For the project I am working on we have a (expensive) development board sitting in the lab, so that everyone in the Team can access it, without the need to have a board for every developer. The board can be accessed by logging in over ssh to the server.

But I thought: Wouldn’t it be nice to be able to access the board like a normal serial adapter on your local computer? I searched a bit and it is doable with pretty much standard software on any Linux/Unix (OSX) system:

The setup looks like this:


netcat is kind of a Swiss Army Knife regarding networks. On the our Server netcat listens for a connection on a TCP port on the loopback interface, so that the port is not visible from the outside (which otherwise might invite unintended guests ;). The inputs and outputs of netcat are redirected to the Serial Port where the Dev Board is connected to.

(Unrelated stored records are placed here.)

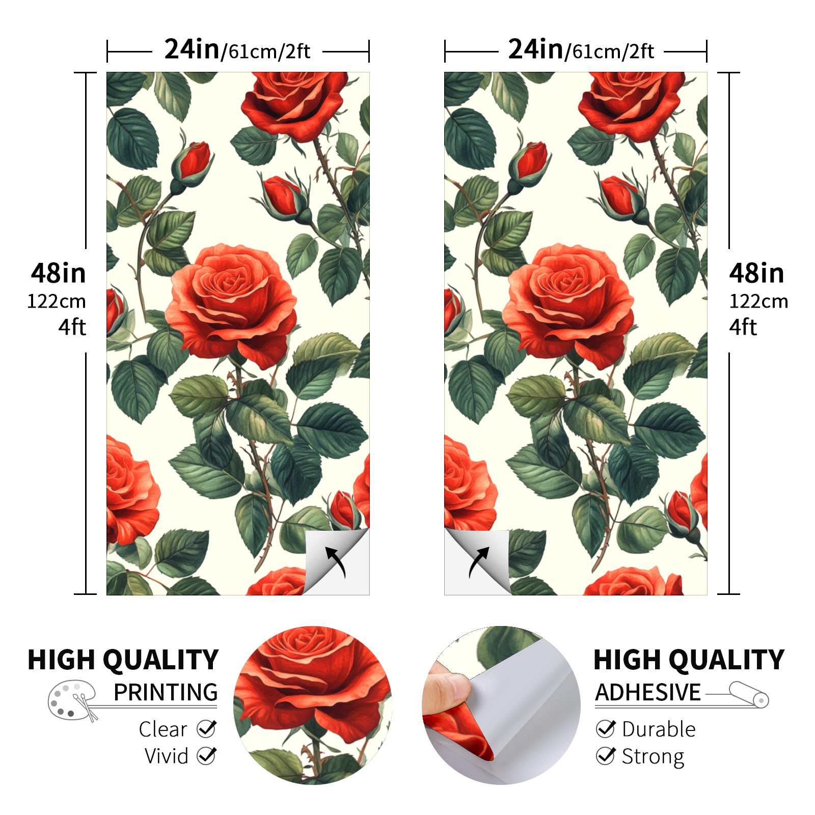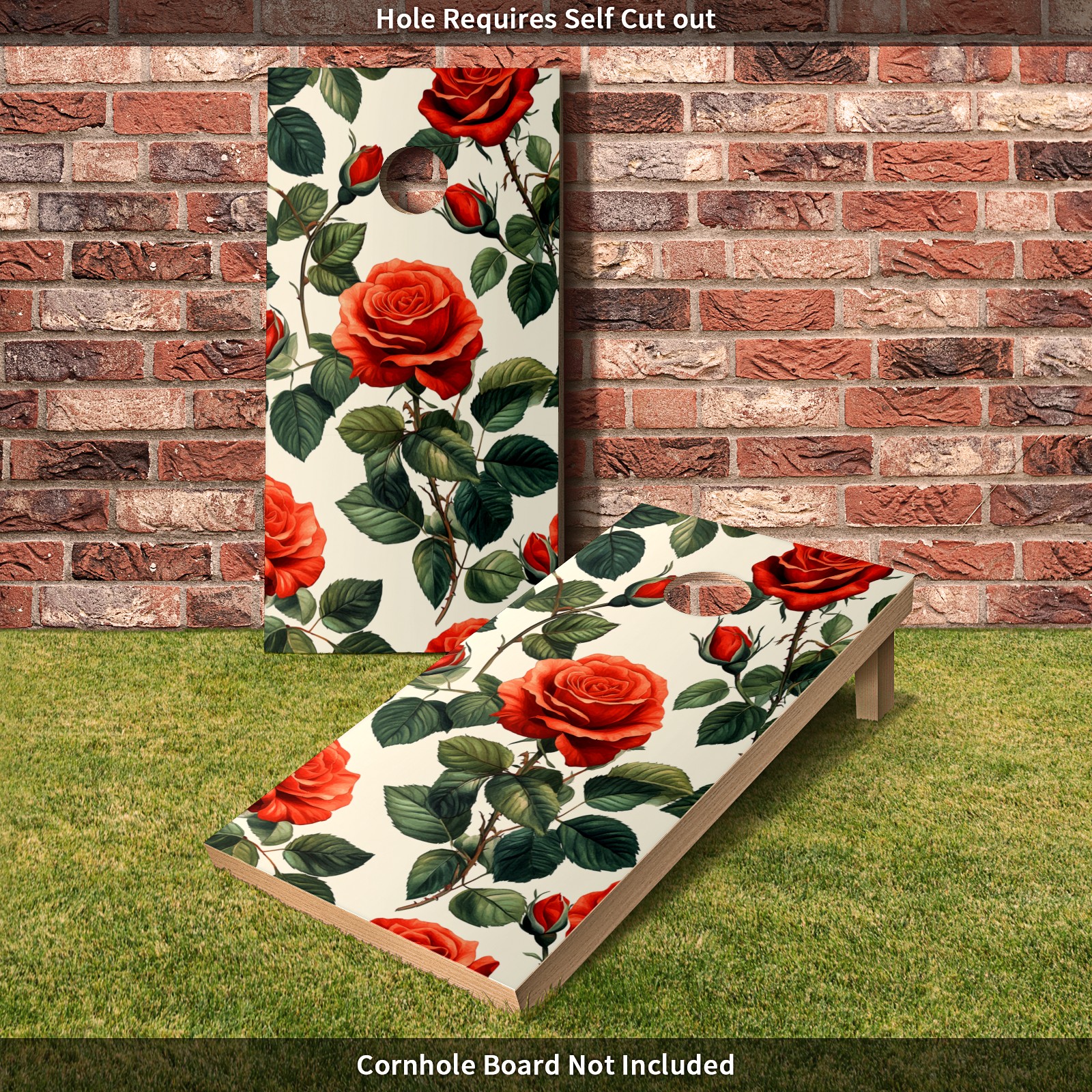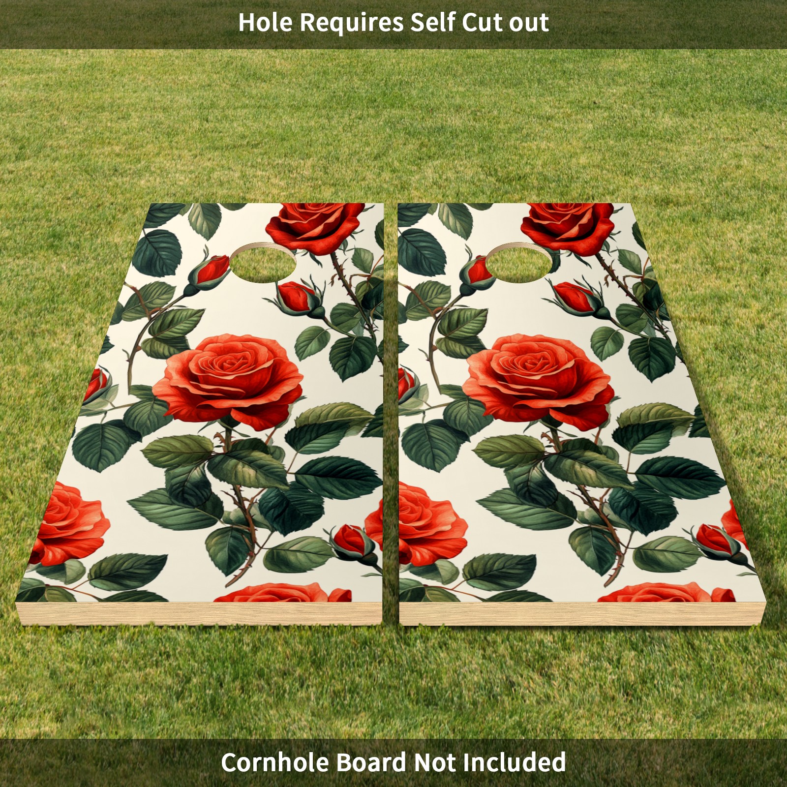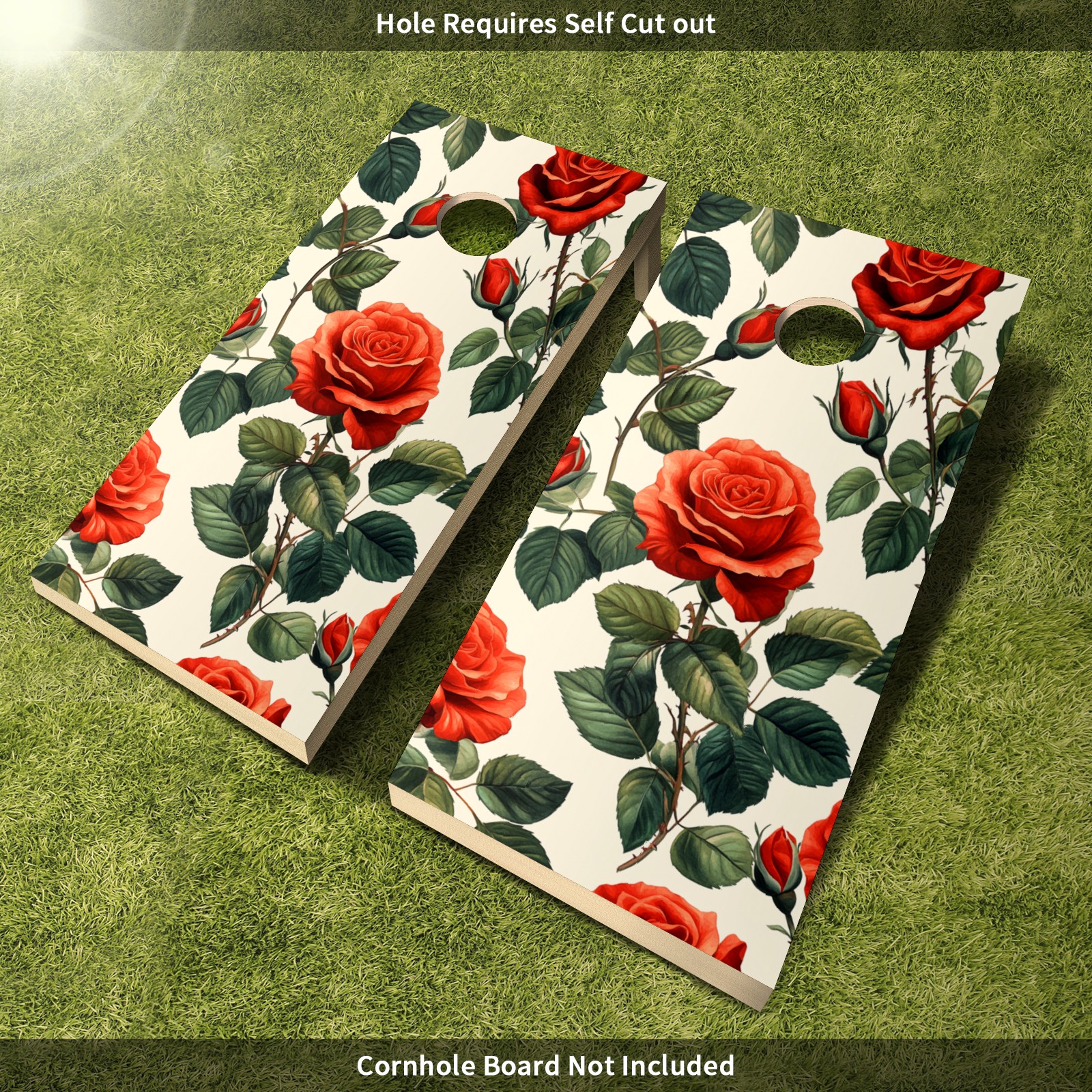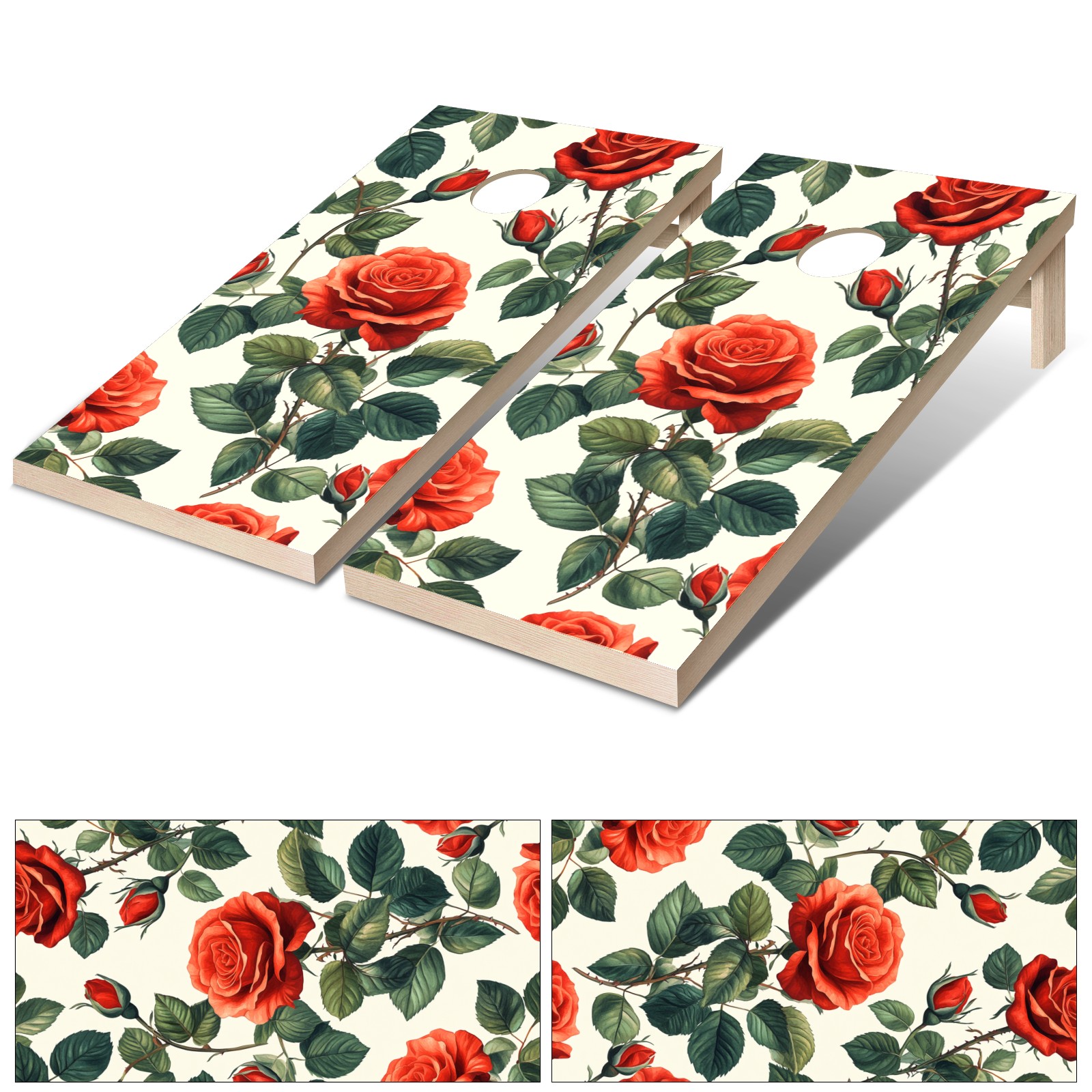 Portable 4x2 Cornhole Set with Two-piece Pack Boards - Cornhole Game Sticker Included - Yard Travel Outdoor Toss Board for Adults Outside Activities Red Rose Pattern
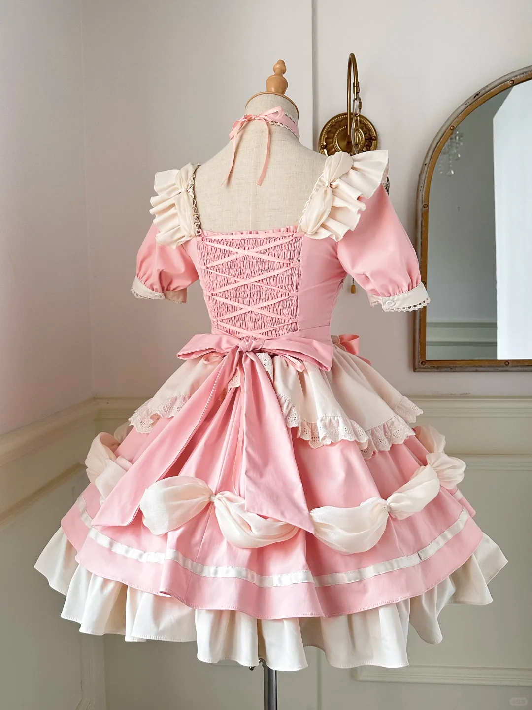 Step into a world of sweetness with this charming pink and white Maid dress. designed to captivate with its delightful details. The dress features a lovely heart-shaped apron adorned with lace. adding a playful yet elegant touch. The bodice is highlighted by a large pink bow with a decorative golden bell. bringing a whimsical charm to the overall look. The puffed sleeves and layered ruffled skirt. accentuated with satin ribbons and tiny bows. create a voluminous and flattering silhouette. Perfect for themed events. tea parties. or just embracing a cute and feminine style. this dress is a must-have for any Maid fashion enthusiast. Feel like a character straight out of a fairy tale with this enchanting piece that combines classic elegance with playful details.
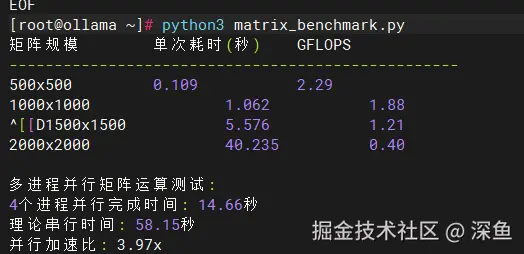 测试结果表明,在openEuler系统上进行矩阵运算时,小规模矩阵(500x500)能够达到2.29 GFLOPS的性能,这对于虚拟机环境来说是非常优秀的表现。随着矩阵规模增大,单核性能会受到内存带宽的限制,但多进程并行场景下,4个进程同时运行的加速比达到3.97倍,几乎达到了理论最优值。这充分证明了openEuler在多核资源调度上的优势,能够有效地将计算任务分配到不同的CPU核心,同时优化内存访问模式,避免缓存冲突和内存带宽瓶颈。
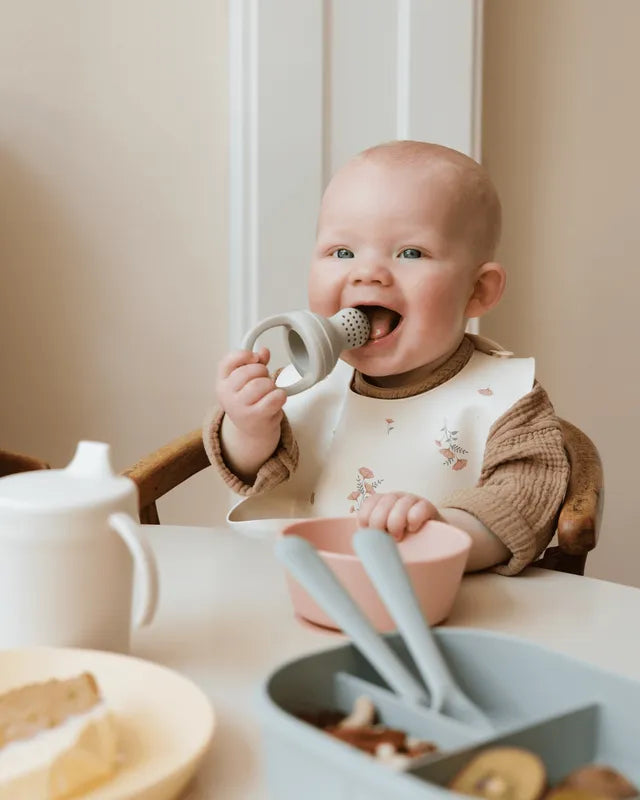 Introduce little foodies to new flavours and textures with Mushie fresh food feeders, designed for safe self-feeding. Made from food-grade silicone and featuring an easy-to-clean, two-piece design, this feeder will quickly become a favourite for at-home meals or on-the-go snacks. Its handle is easily held by little fingers as the small holes release the right amount of fresh or frozen favourites from its soft but sturdy design.
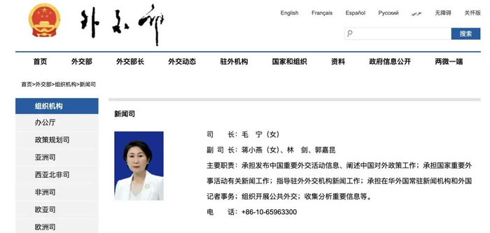 据外交部官网“组织机构”栏目更新信息显示,毛宁已任外交部新闻司司长。
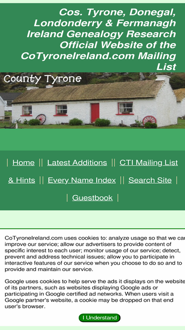 100%welcome to the premier website & research tool for counties tyrone, donegal, derry/londonderry & fermanagh genealogy thank you for visiting - jim mckane, webmaster
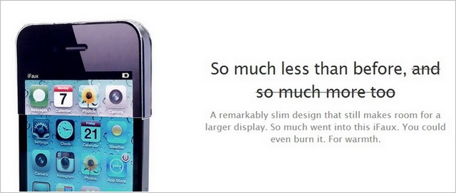iFaux jest małym dodatkiem w stylu „zrób to sam”, który możemy zgrabnie zamontować na górze iPhone’a 4 lub 4S, dodając mu kilka  dodatkowych milimetrów w wysokość potrzebnych, aby sprostać dzisiejszym „wyższym standardom”.
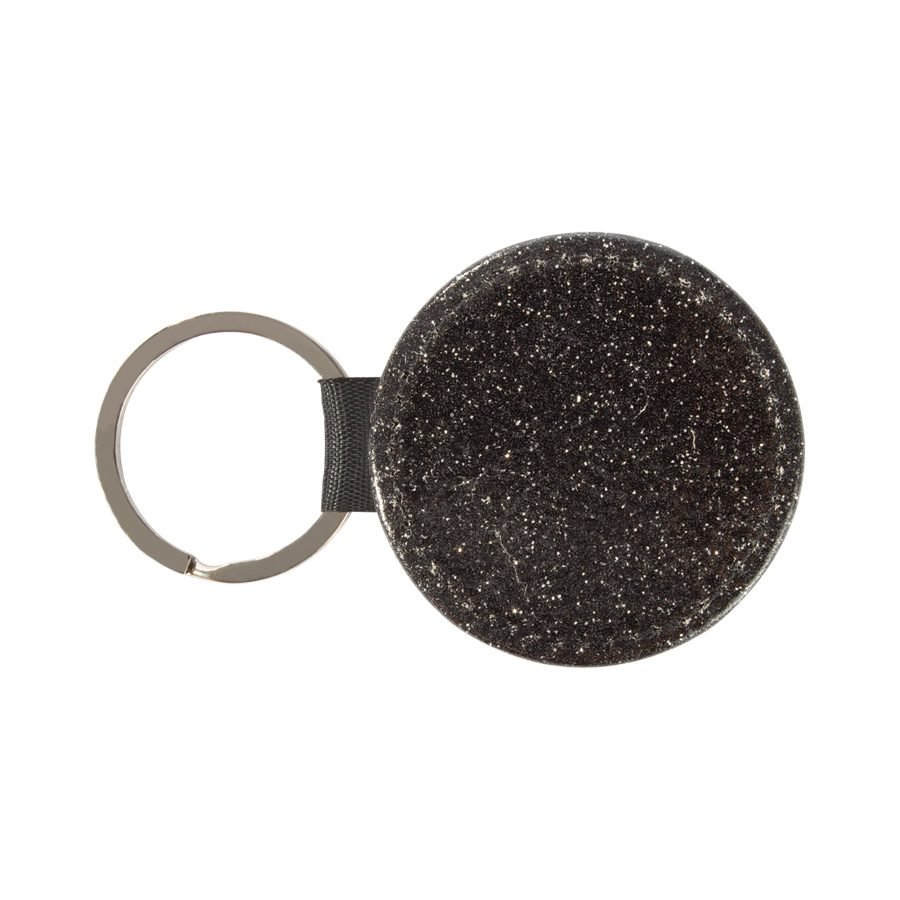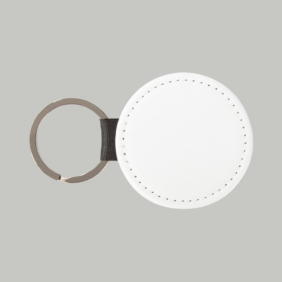 Llavero redondo de PU blanco para sublimación. Reverso capa PU negro con brillo (no sublimable). Argolla de Acero inoxidable.

Socat is similar to netcat, as it can connect to servers over the network, but has a couple of extra features, for example creating a pseudo terminal device: All the data that is written to the Pseudo Terminal device is sent out over the network. And everything that is received from the network is written to the Pseudo Terminal. Again Socat is set up to only connect to the loopback interface, so that the Port is not visible from the internet.

Finally a SSH tunnel connects the two computers and tunnels the data to the ports on the loopback interfaces.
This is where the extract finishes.